* PROMPT: Write the listing out again word for word, excluding any pictures.

* GIVEN INFORMATION:
▼
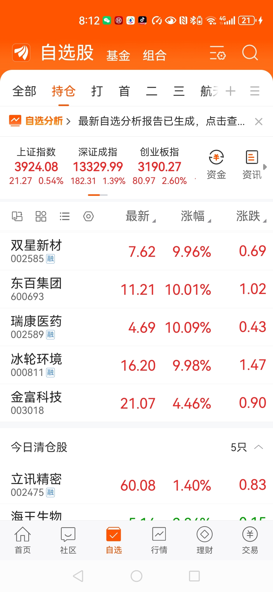 今作:双星一字未动,打板东百、瑞康、冰轮、加仓金福。
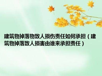 目前大家应该是对建筑物掉落致人损害由谁来承担责任比较感兴趣的,所以今天CC就来为大家整理了一些关于建筑物掉落致人损害由谁来承担责任方面的相关知识来分享给大家,希望大家会喜欢哦。
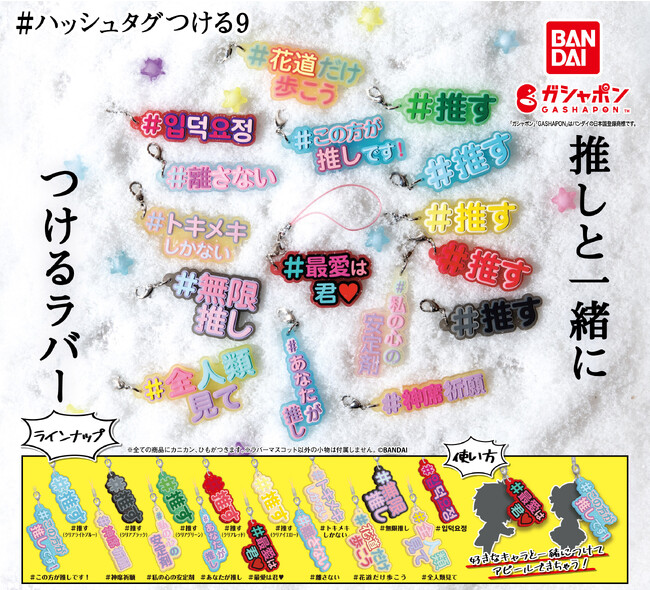 SNSで利用されている「#(ハッシュタグ)」+「推し活ワード」をラバーマスコットやアクリルスタンドとして商品化し、推しを推しまくれるグッズとして発売している人気シリーズです。
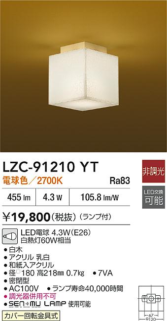 DAIKO 大光電機 小型シーリング LZC-91210YT
▲
* TASK RESULT:
 今作:双星一字未动,打板东百、瑞康、冰轮、加仓金福。
 目前大家应该是对建筑物掉落致人损害由谁来承担责任比较感兴趣的,所以今天CC就来为大家整理了一些关于建筑物掉落致人损害由谁来承担责任方面的相关知识来分享给大家,希望大家会喜欢哦。
 SNSで利用されている「#(ハッシュタグ)」+「推し活ワード」をラバーマスコットやアクリルスタンドとして商品化し、推しを推しまくれるグッズとして発売している人気シリーズです。
 DAIKO 大光電機 小型シーリング LZC-91210YT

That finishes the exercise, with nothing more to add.